• Description of the task
Omit all pictures. Quote only the lines from the one with "Mochila pequeña de" through the end of the material below.

• Records shown

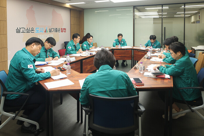 서울 양천구 29일 구청 5층 회의실에서 국가정보자원관리원 화재에 따른 전산망 장애 대응방안을 논의하기 위한 긴급회의를 개최했다. 사진은 이기재 구청장이 회의를 주재하는 모습. (사진=양천구청 제공)
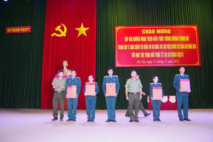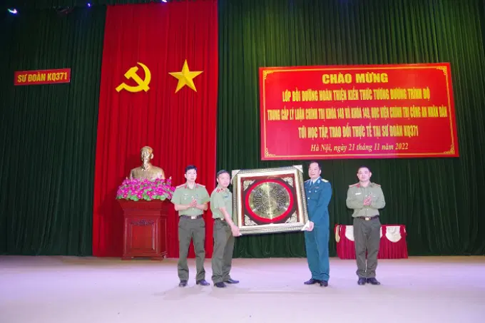 Trong không khí vui tươi, phấn khởi của Ngày Đại đoàn kết dân tộc Việt Nam, hướng tới kỷ niệm 50 năm chiến thắng “Hà Nội - Điện Biên Phủ trên không” (12/1972 - 12/2022), ngày 21/11/2022, Đảng ủy, Ban Giám đốc Học viện Chính trị CAND do đồng chí Trung tướng, PGS.TS Phan Xuân Tuy, Bí thư Đảng ủy, Giám đốc Học viện làm Trưởng Đoàn đã đến thăm và làm việc với Sư đoàn không quân 371, Quân chủng phòng không không quân, Bộ Quốc phòng. Tham gia đoàn công tác có đại diện lãnh đạo các đơn vị chức năng trong Học viện và toàn thể học viên hai lớp bồi dưỡng hoàn thiện kiến thức tương đương trình độ Trung cấp lý luận chính trị, Khóa 148 và Khóa 149 để học tập, trao đổi thực tế. Tiếp đoàn công tác, có đồng chí Đại tá Nguyễn Huy Tuấn, Bí thư Đảng ủy, Chính ủy Sư đoàn; đồng chí Đại tá Nguyễn Văn Thiện, Phó Sư đoàn trưởng, Tham mưu trưởng Sư đoàn, đại diện cơ quan các phòng và Tiểu đoàn Căn cứ sân bay Nội Bài, Sư đoàn không quân 371, Quân chủng phòng không không quân, Bộ Quốc phòng.
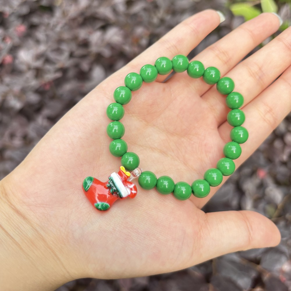 8mm green round beads plus pendant christmas stockings
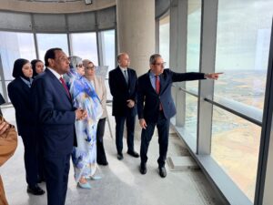 كما شملت الجولة زيارة البرج الأيقوني بمنطقة الأعمال المركزية، حيث اصطحب المهندس خالد عباس رئيس الوزراء السوداني إلى الطابق الرابع والسبعين، وقدم شرحًا مستفيضًا حول مكونات منطقة الأعمال المركزية، التي تضم مجموعة من الأبراج متعددة الاستخدامات، وفي مقدمتها البرج الأيقوني باعتباره الأعلى في إفريقيا، وما يمثله من رمز لقدرة الدولة المصرية على تنفيذ مشروعات قومية عملاقة وفق أعلى المعايير الهندسية العالمية وفي مدد زمنية قياسية.
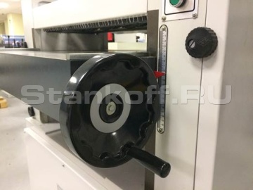 Регулировка стола по высоте осуществляется от отдельного двигателя. Точная подстройка с помощью маховика. Отображение размера по линейке.Ролики в столе
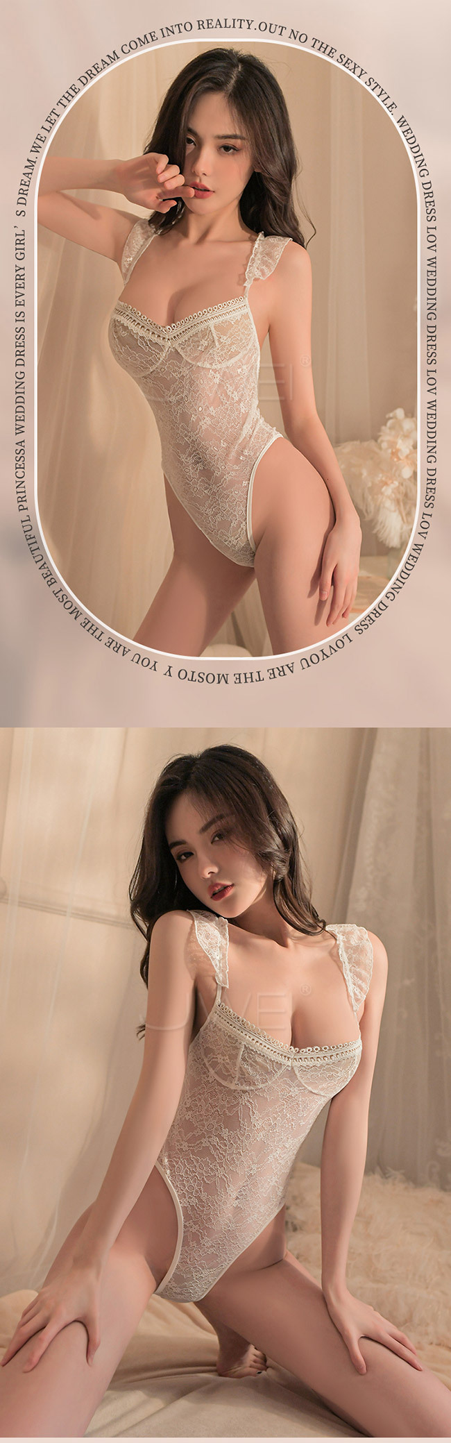 她穿上一襲蕾絲連體衣
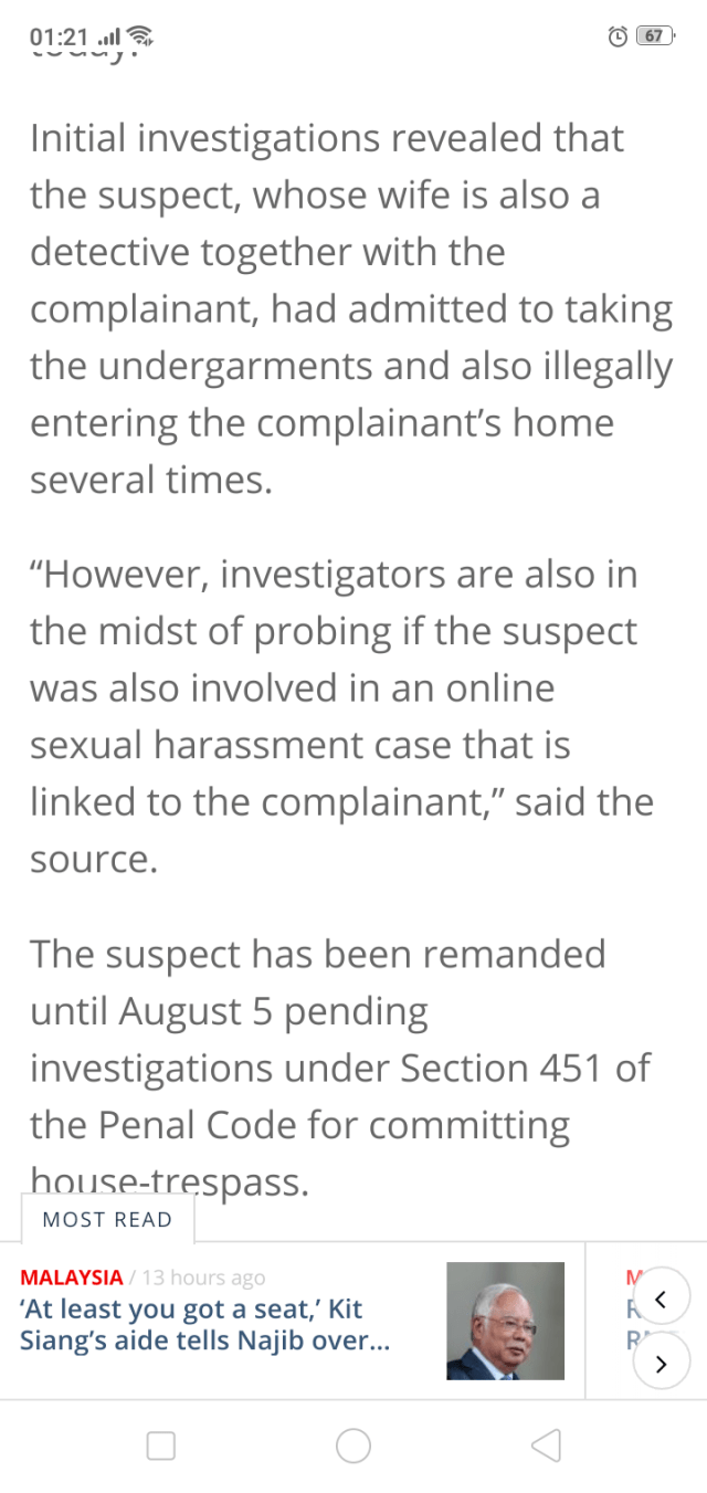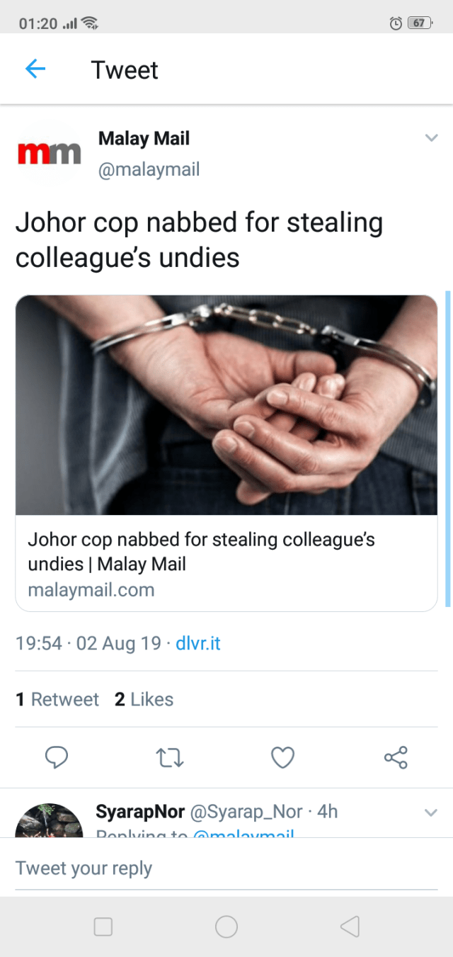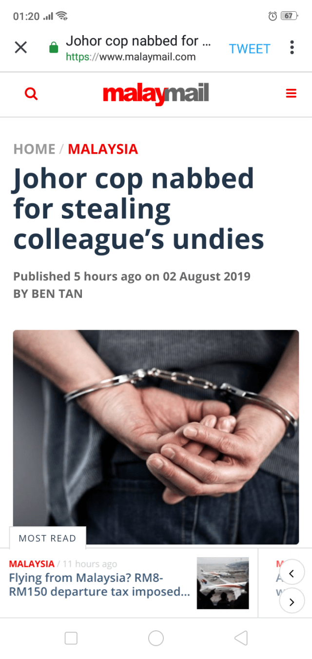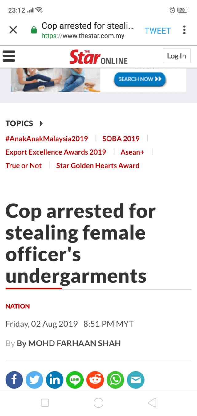 .https://www.thestar.com.my/news/nation/2019/08/02/cop-arrested-for-stealing-female-officer039s-undergarments#GKAEfo2myU2GcXFO.99..
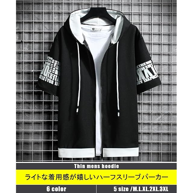 [ドアーズ] パーカー 半袖 ジップアップ フード付き 薄手 五分袖 重ね着 スウェット メンズ 大きい サイズ かっこいい ジップパーカー ワーク ワークウェア ルーム ルームウェア フード付きパーカー ユルイ 作業 作業服 作業着 作業用 私服 しふく わーくうぇあ 軽い バイカラー 大きめ ビッグサイズ おおきい だーくぐれー モータースポーツ ダークグレー 3A-D01-DG2XL
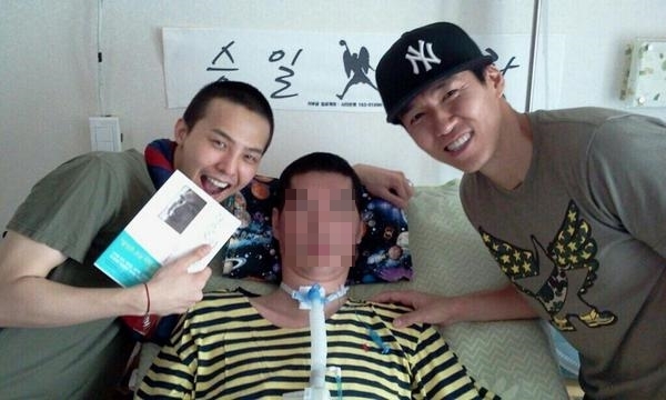 공개된 사진 속에 지드래곤은 머리를 삭발한 새로운 헤어스타일를 선보이며 환하게 웃고 있다. 특히 그의 옆에는 루게릭병을 앓고 있는 전 프로농구 코치 박승일과 승일희망재단의 션의 모습도 함께 보인다.
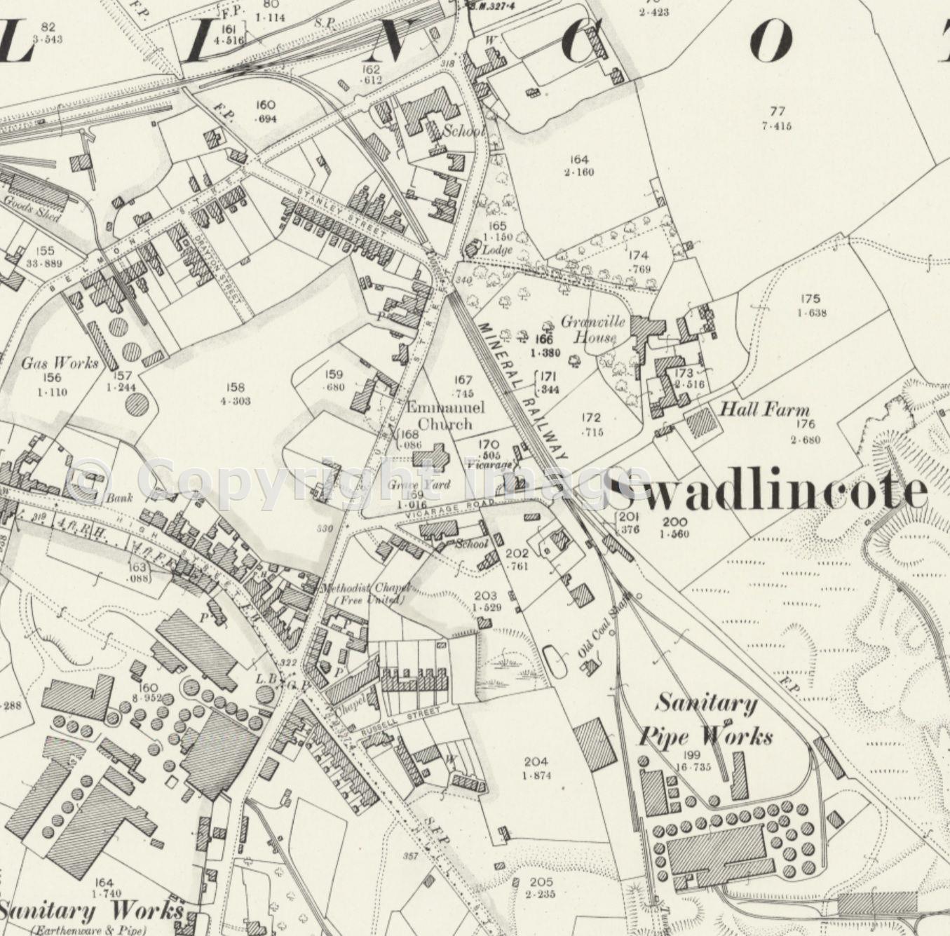 This was connected to Granville no 1. pit via a tramway in a tunnel under the spoil tips. Finished product was taken to the Swadlincote loop line to the North.
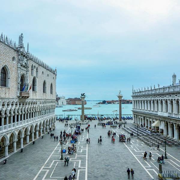 室外回廊可以拍照,一旁的钟楼、总督府尽收眼底,还能远眺大运河的风光,实在令人沉迷。站在回廊看风景这里是威尼斯的中心,也是威尼斯的荣耀和信仰。
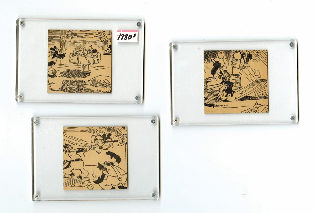 (AMOCO, 1933) "Penny Cards" were hand-made by cutting out panels from already manufactured Mickey Mouse artwork, and adhering them to a custom cardboard backing with the name of the company that sold the cards and their card number within the set. These three 3"x3" cards are individually displayed within 4"x6" clear protective cases. Penny Cards are in very good condition.
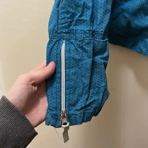 Bench jacket. good folds up into collar blue in colour. good used condition size large
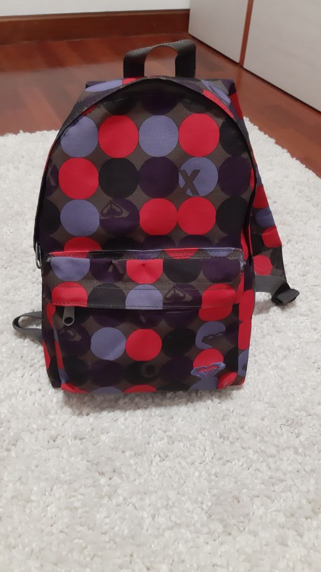 Mochila pequeña de roxy de círculos en tonos oscuros azul y fucsia, con bolsillo pequeño fuera y pasas regulables
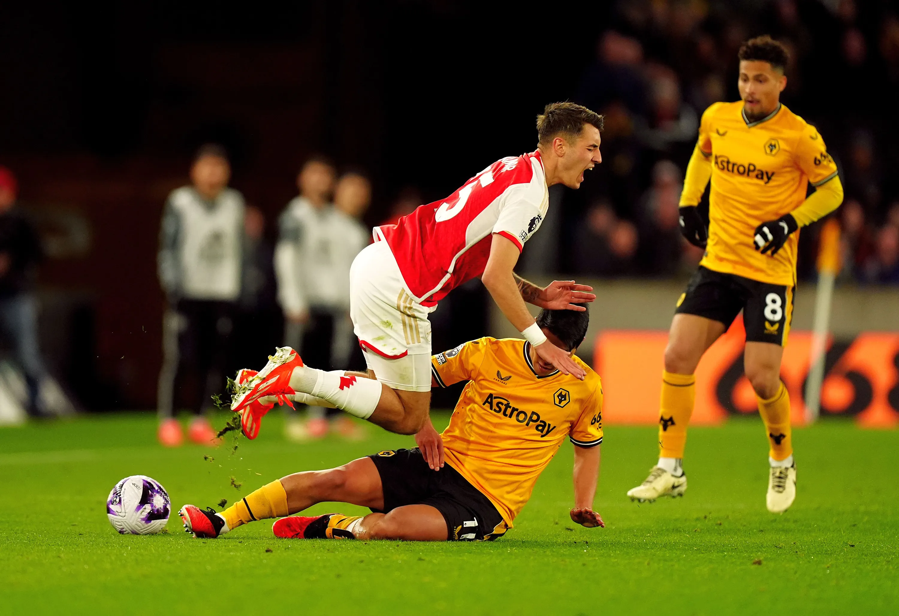 Wolverhampton Wanderers' Hwang Hee-Chan fouls Arsenal's Jakub Kiwior during the Premier League match at Molineux Stadium, Wolverhampton on Saturday, April 20, 2024. (Photo by Mike Egerton/PA Images via Getty Images)
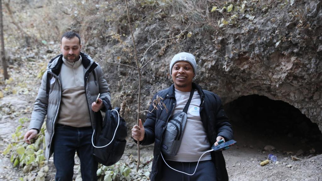 在一线天,中文导师指着同学们看堆在山底下的木棍,请大家猜测其中寓意,原来是村民用来向山神祈福的标识。德瑞同学听说后,立刻三五步登上山坡,捡起一根树枝,说我也要祈福,“我要祝福自己赚大钱,然后请大家吃饭”。一行人被他逗得哈哈大笑。
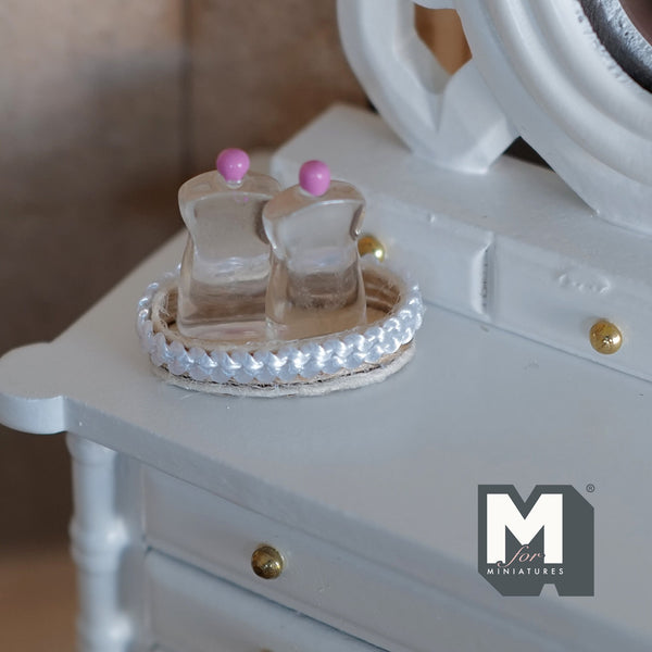 This is a set of miniature oval rope basket and 2 bottles in 1 inch scale.

• Finished exercise
 Mochila pequeña de roxy de círculos en tonos oscuros azul y fucsia, con bolsillo pequeño fuera y pasas regulables
 Wolverhampton Wanderers' Hwang Hee-Chan fouls Arsenal's Jakub Kiwior during the Premier League match at Molineux Stadium, Wolverhampton on Saturday, April 20, 2024. (Photo by Mike Egerton/PA Images via Getty Images)
 在一线天,中文导师指着同学们看堆在山底下的木棍,请大家猜测其中寓意,原来是村民用来向山神祈福的标识。德瑞同学听说后,立刻三五步登上山坡,捡起一根树枝,说我也要祈福,“我要祝福自己赚大钱,然后请大家吃饭”。一行人被他逗得哈哈大笑。
 This is a set of miniature oval rope basket and 2 bottles in 1 inch scale.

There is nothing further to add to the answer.